Selon la justesse expressive, un mi bémol, par exemple, dans l'accord do-mib-sol, n'est pas le même que
dans la suite des sons : do-mib-ré, où la tendance résolutive du mib joue pleinement. Tous les vrai artistes,
parmi les violonistes et les violoncellistes, par exemple, pratiquent cette justesse, parfois même
inconsciemment. En quoi la justesse expressive diffère-t-elle de la justesse naturelle, au point de vue du
nombre des vibrations ? Prenons un sonomètre (…).Plaçons des chevalets de manière à obtenir, sur
différentes cordes, le fa dièse et le sol bémol. Ces deux sons, d 'après la justesse naturelle, sont distants
l'un de l'autre d'un neuvième de ton. Déplaçons le fa dièse vers le haut et le sol bémol vers le bas, en
doublant l'écart entre les deux. Nous obtenons ainsi un beau fa dièse, dont la tendance résolutive vers le
haut est plus caractérisée que le fa dièse naturel, tout en satisfaisant l'oreille.
Edgar Willems « les bases psychologiques de la pédagogie musicale »
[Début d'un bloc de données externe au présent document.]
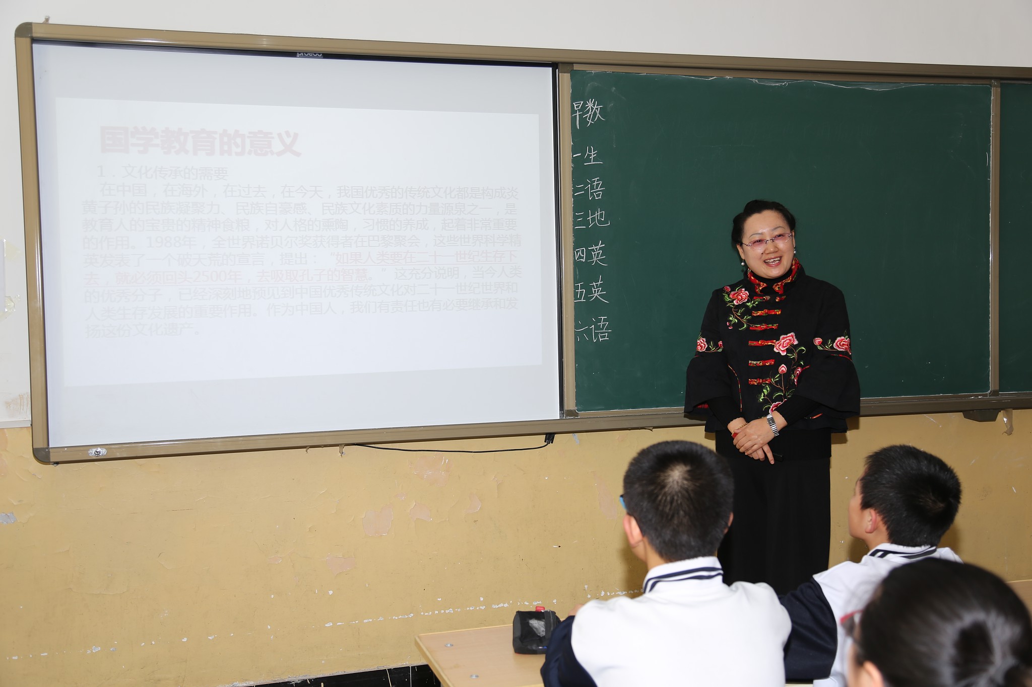 国学是伴随中国传统文化而生长、伴随中国历史而发展,是一门统揽中国学术的概念,开设国学兴趣组意在让学生丰富自己的精神世界,提高文化品位,塑造完美人格。李玉波老师精心的课件准备,应景的服饰搭配,把同学们带入了一个儒雅的国学境界。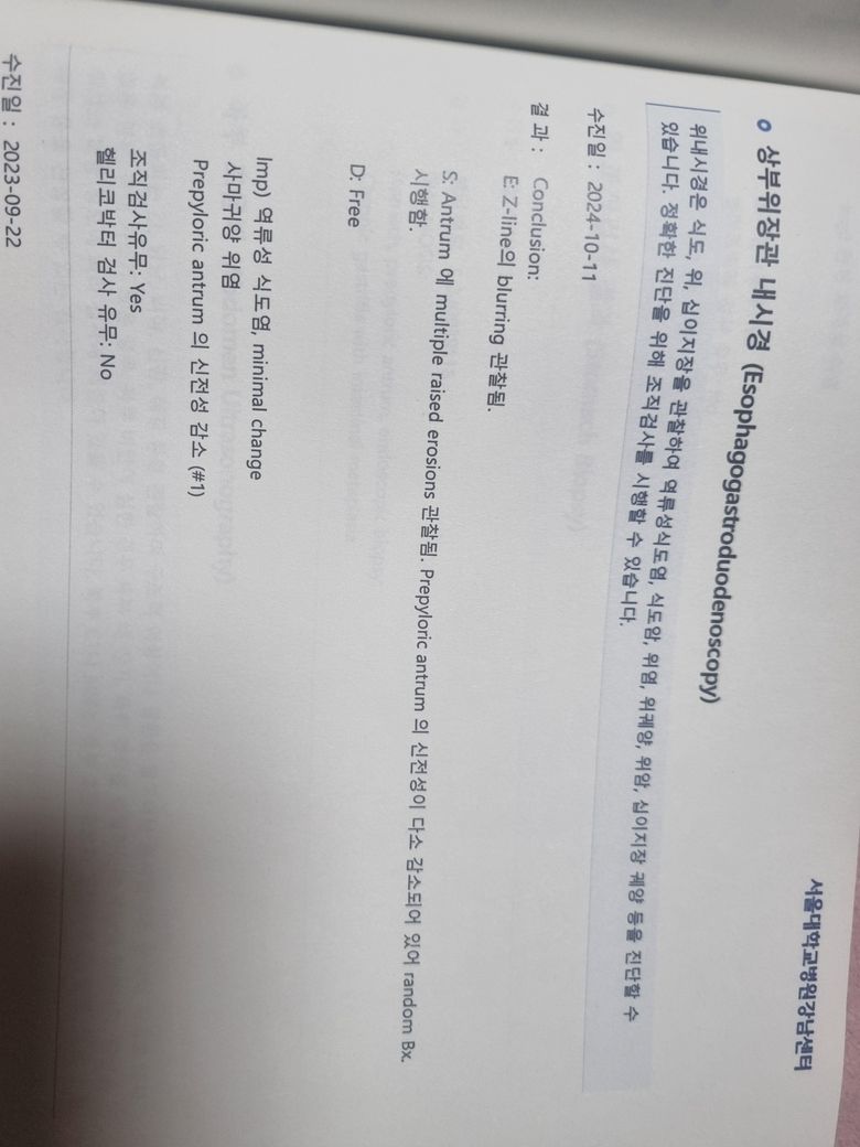 위 내시경을 받다가 조직검사를 받았는데 이렇게 결과가 나왔고 보만4형 위암 가능성 배제를 위해 ct촬영을 권유한다는데 이런경우 위암가능성이 높은건가요?

On accorde communément à la solmisation la propriété de favoriser la justesse. La
considération précédente met en évidence une des explications : en rapportant tout
exemple musical au modèle simple de l'échelle diatonique première, la solmisation facilite
notre justesse expressive en rendant plus évidente et plus sensible la compréhension des
attractions, parfois embrouillées par un contexte tonal chargé en altérations.
10
Attraction et hiérarchie rythmique
Le jeu des attractions qui a été précédemment décrit pour les hauteurs tonales et les pôles
harmoniques peut donner lieu à une lecture similaire des phénomènes rythmiques. La
hiérarchie décrite autour de la tonique se construit rythmiquement à différentes échelles,
autour de la perception de la pulsation, de la mesure, de la carrure, et de la construction
formelle (d'essence rythmique, elle aussi). Éléments rythmiques, mélodiques et
harmoniques ne peuvent d'ailleurs pas se penser séparément, ces phénomènes jouant
conjointement sur les attentes de l'auditeur, leur création puis leur assouvissement. Mon
professeur d'écriture avait l'habitude de répéter que la plupart des règles d'harmonie sont
d'ordre rythmique.
Relation rythmique
Le rythme fonctionne autant que les hauteurs de manière relative : un rythme n'est rien en
temps que tel, c'est dans la relation aux autres rythmes qu'il se définit. Cette
interdépendance est comparable au phénomène de relation mélodique à l'origine de la
notion de mélodie.
Pédagogiquement, cette constatation comporte une implication de premier ordre : nous ne
travaillons pas les rythmes en temps que tels, mais en relation avec leur environnement.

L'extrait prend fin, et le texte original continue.